19 Dynamic allocation Strand Allocation Strands are dynamically allocated by the new statement. New strands will begin executing in the next iteration. New Strand Iteration i new Particle (pos + d); Iteration i + 1 October 26th, 2015 AGERE 15 - Diderot 10
20 Dynamic allocation Strand Allocation Strands are dynamically allocated by the new statement. New strands will begin executing in the next iteration. New Strand Iteration i new Particle (pos + d); Iteration i + 1 October 26th, 2015 AGERE 15 - Diderot 10
21 Evaluation Live Demo (Particle-Based Isocontour Sampler) Sampling Implicit Surfaces Sampling Valley Lines October 26th, 2015 AGERE 15 - Diderot 11
22 Summary Conclusion Provided new mechanisms to our programming model. Allows for more algorithms to be implemented within Diderot. Future Work Additional query functions Implementation of communication mechanisms on GPUs stabilize new execution step global computation strand state die update idle global computation read spawn strands October 26th, 2015 AGERE 15 - Diderot 12
23 Summary Conclusion Provided new mechanisms to our programming model.
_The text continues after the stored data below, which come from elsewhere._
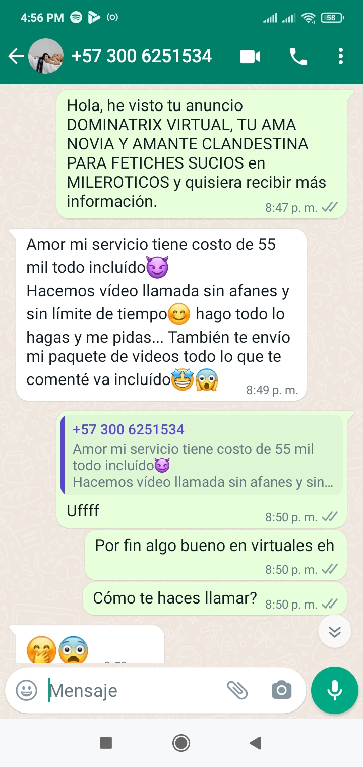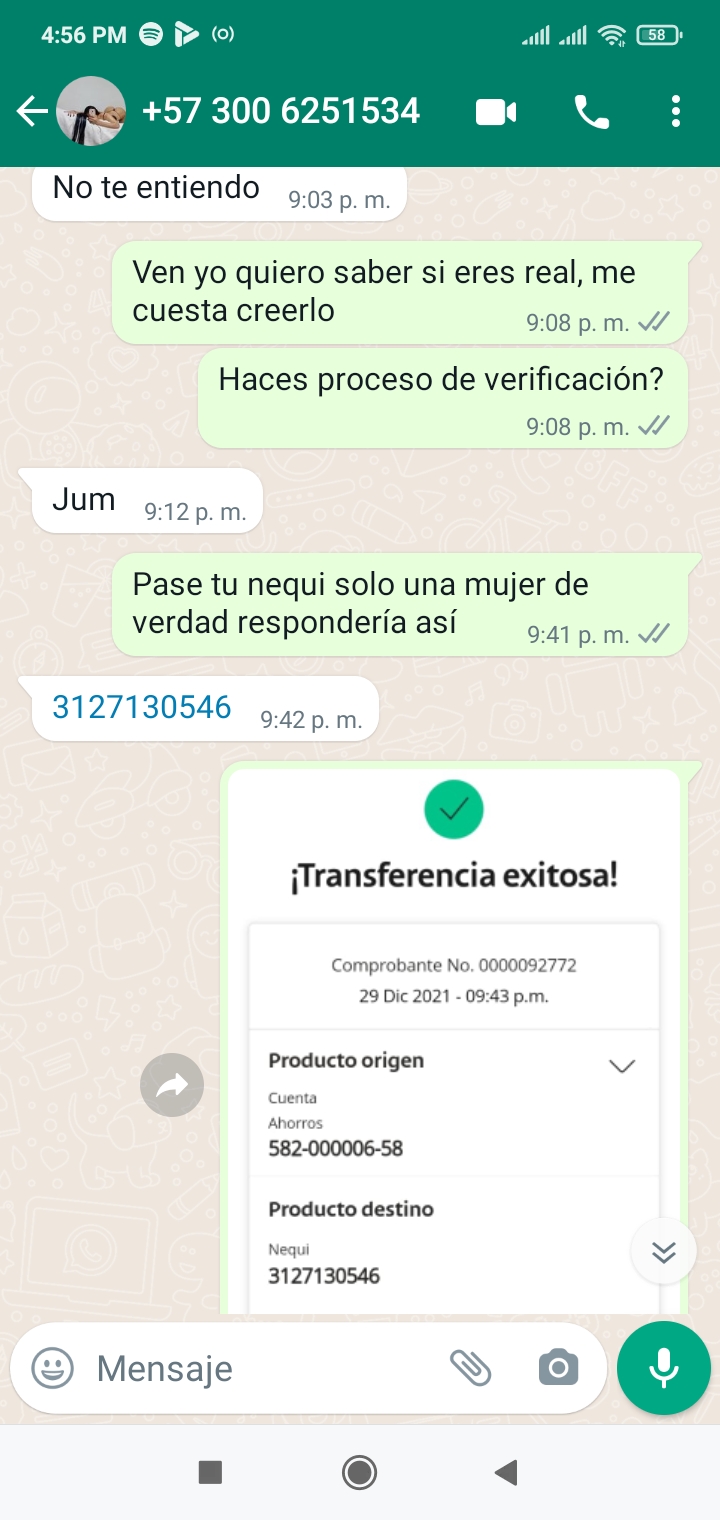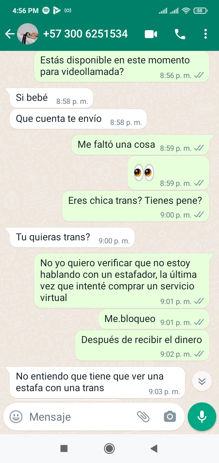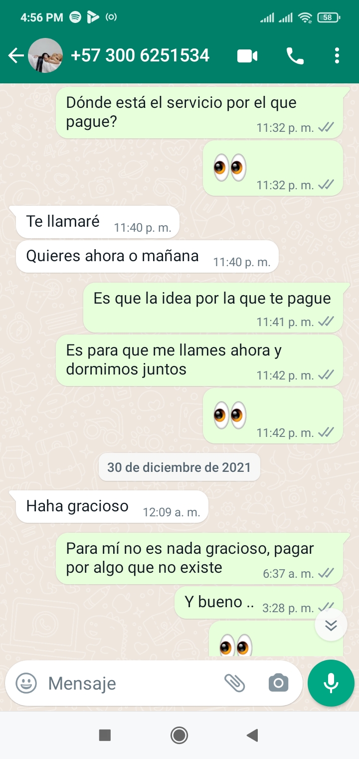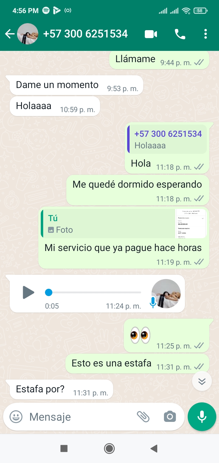 Quise probar sus servicios virtuales y me lleve la sorpresa que era una estafa, anexo conversación WhatsApp.
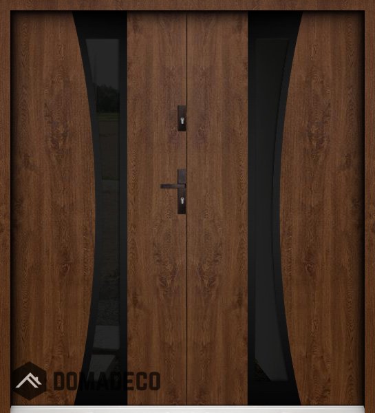 Die Türen bestehen aus Edelstahl. Im Inneren ist es mit PUR-Polyurethanschaum und Holz gefüllt. Die Türblattdicke beträgt 55 mm. Doppeldichtungssystem - Eine Dichtung befindet sich am unteren Rand des Rahmens und die andere im Lagerteil des Türblatts. Sie reduzieren Vibrationen und schützen Ihr Zuhause vor Wärmeverlust. Sie ändern ihre Lautstärke nicht unter dem Einfluss von Wetterbedingungen. Der Türrahmen hat einbruchhemmende Verstärkungen in den Scharnierteilen und Verriegelungspunkten.
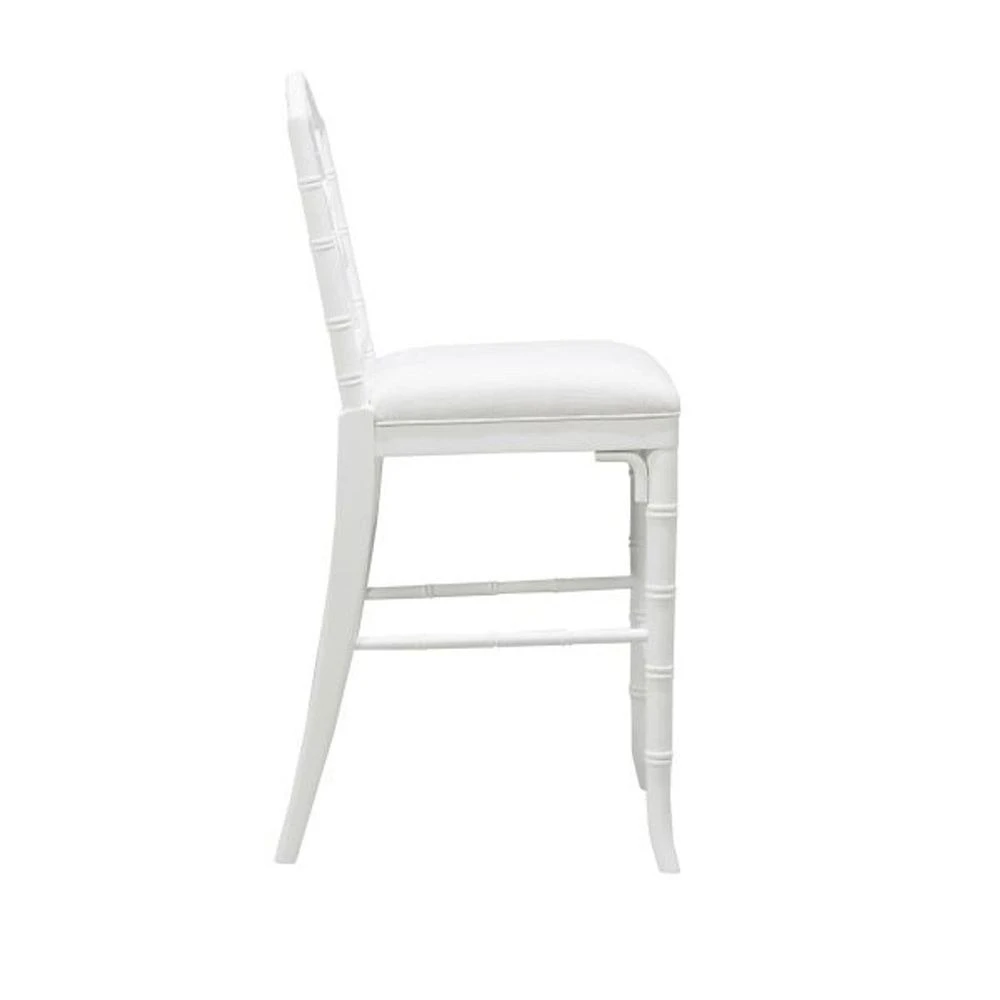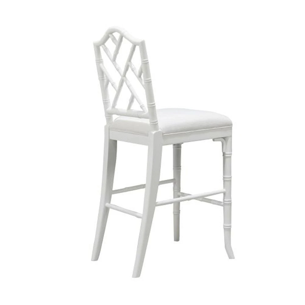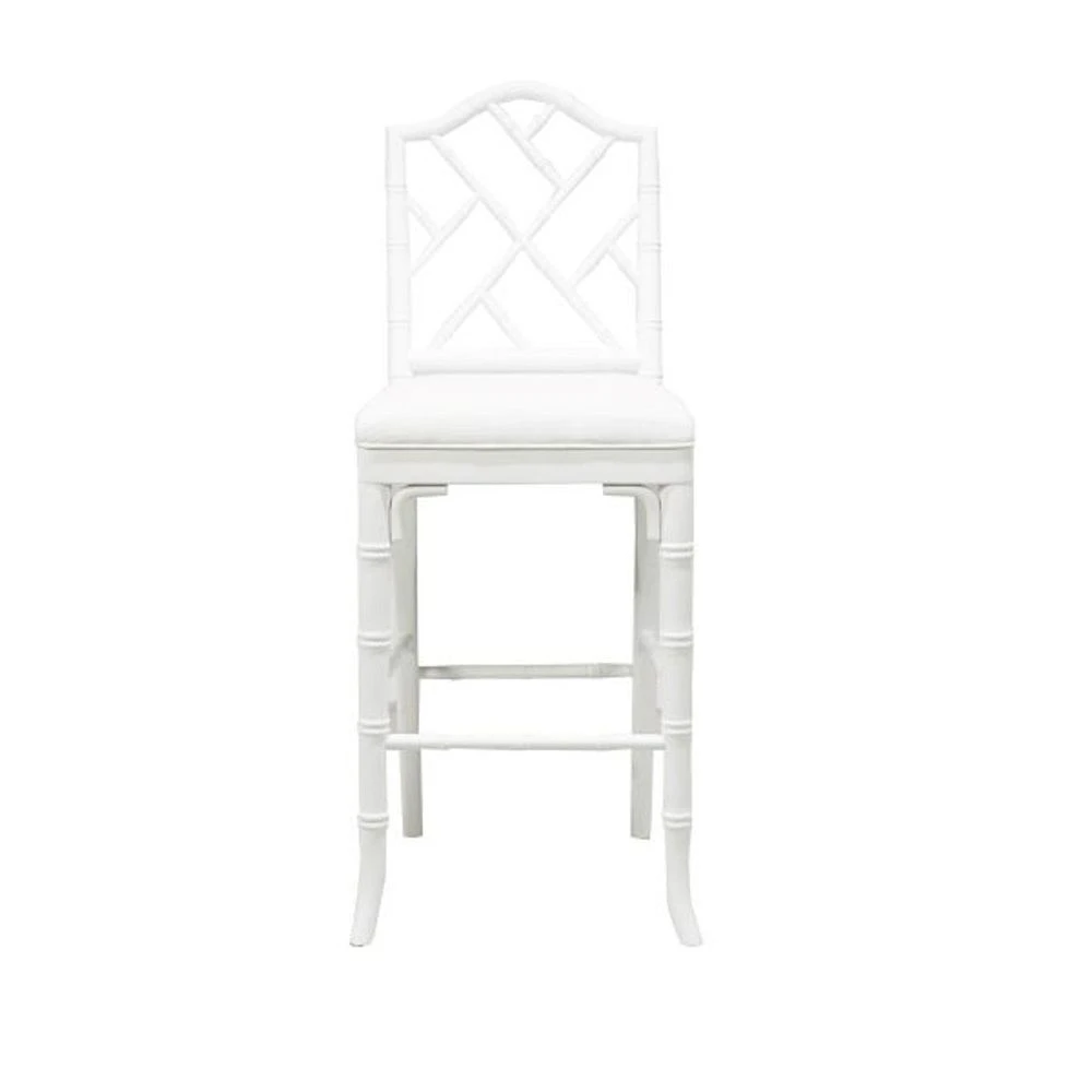Description: With its Chinese Chippendale styling, the Annette counter stool is a timeless classic in any environment. Annette’s turned, bamboo profile and matte white finish evoke an organic look and feel, while its crisp linen upholstered seat offers a cozy perch.

Allows for more algorithms to be implemented within Diderot. Future Work Additional query functions Implementation of communication mechanisms on GPUs stabilize new execution step global computation strand state die update idle global computation read spawn strands October 26th, 2015 AGERE 15 - Diderot 12
24 Summary Conclusion Provided new mechanisms to our programming model. Allows for more algorithms to be implemented within Diderot. Future Work Additional query functions Implementation of communication mechanisms on GPUs stabilize new execution step global computation strand state die update idle global computation read spawn strands October 26th, 2015 AGERE 15 - Diderot 12
25 Summary Conclusion Provided new mechanisms to our programming model. Allows for more algorithms to be implemented within Diderot. Future Work Additional query functions Implementation of communication mechanisms on GPUs stabilize new execution step global computation strand state die update idle global computation read spawn strands October 26th, 2015 AGERE 15 - Diderot 12
26 Conclusion Acknowledgements The Diderot Project Charisee Chiw Gordon Kindlmann John Reppy Nick Seltzer University of Chicago University of Chicago University of Chicago University of Chicago October 26th, 2015 AGERE 15 - Diderot 13
27 Conclusion Questions? October 26th, 2015 AGERE 15 - Diderot 14
Specific Language for Scientific Image Analysis and Visualization.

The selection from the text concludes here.